## Task goal:
In the material below, the line holding "Kit com 3 Panos" and every line after it should be reproduced exactly, please, with pictures omitted.

## Dataset content:
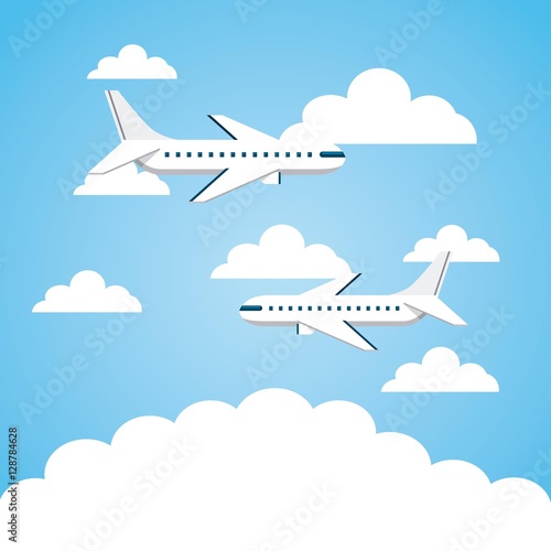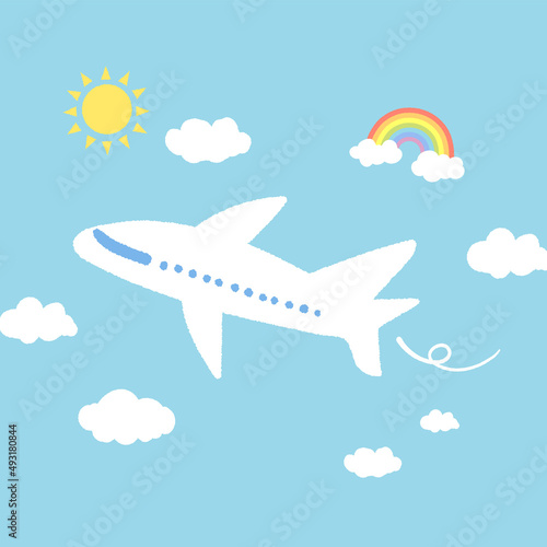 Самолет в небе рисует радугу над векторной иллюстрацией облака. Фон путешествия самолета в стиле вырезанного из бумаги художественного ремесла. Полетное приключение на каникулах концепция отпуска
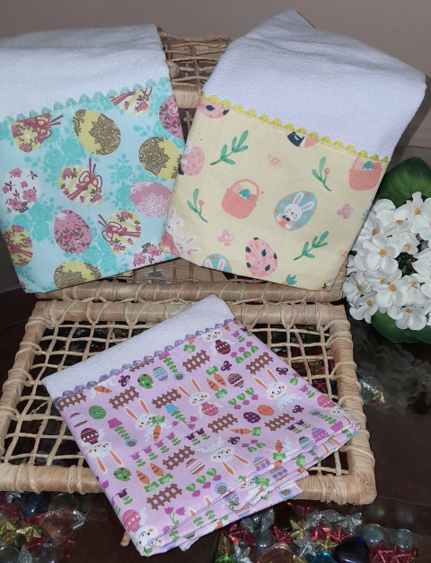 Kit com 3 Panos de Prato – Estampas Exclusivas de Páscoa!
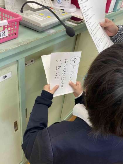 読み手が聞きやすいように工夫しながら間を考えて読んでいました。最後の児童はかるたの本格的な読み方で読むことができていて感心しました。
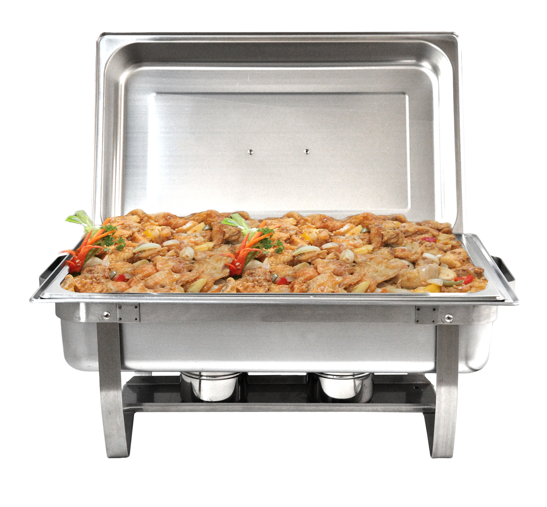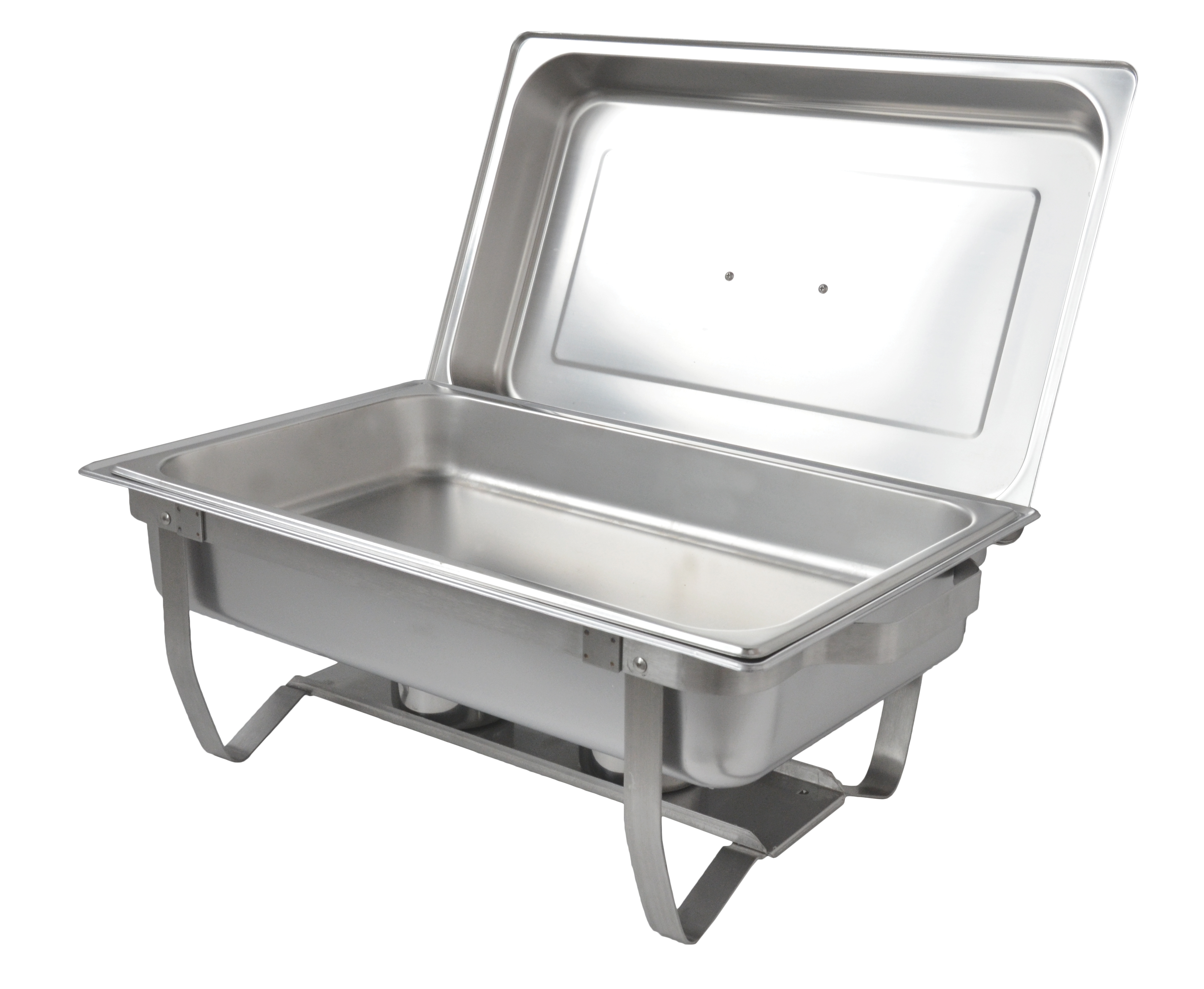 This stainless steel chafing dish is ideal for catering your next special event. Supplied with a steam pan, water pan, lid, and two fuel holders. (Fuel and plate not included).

## Output of the task:
 Kit com 3 Panos de Prato – Estampas Exclusivas de Páscoa!
 読み手が聞きやすいように工夫しながら間を考えて読んでいました。最後の児童はかるたの本格的な読み方で読むことができていて感心しました。
 This stainless steel chafing dish is ideal for catering your next special event. Supplied with a steam pan, water pan, lid, and two fuel holders. (Fuel and plate not included).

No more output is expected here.